- [Task requirements] Among the entries below, only the lines starting at the one with "sand beige down-feather" and ending at the one with "Jeobest Anti Brouillard", both included, are to be printed exactly.

- [Provided records]
========================
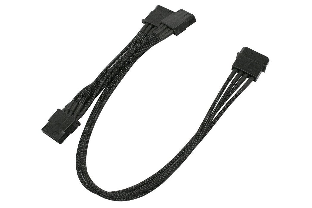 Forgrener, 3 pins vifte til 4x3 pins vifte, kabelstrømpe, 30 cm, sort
========================
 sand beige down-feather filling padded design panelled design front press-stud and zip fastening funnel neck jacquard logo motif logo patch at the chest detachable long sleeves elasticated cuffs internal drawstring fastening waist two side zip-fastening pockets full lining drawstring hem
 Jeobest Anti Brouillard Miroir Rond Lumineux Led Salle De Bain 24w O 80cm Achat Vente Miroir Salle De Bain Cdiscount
========================
- [Task result]
 sand beige down-feather filling padded design panelled design front press-stud and zip fastening funnel neck jacquard logo motif logo patch at the chest detachable long sleeves elasticated cuffs internal drawstring fastening waist two side zip-fastening pockets full lining drawstring hem
 Jeobest Anti Brouillard Miroir Rond Lumineux Led Salle De Bain 24w O 80cm Achat Vente Miroir Salle De Bain Cdiscount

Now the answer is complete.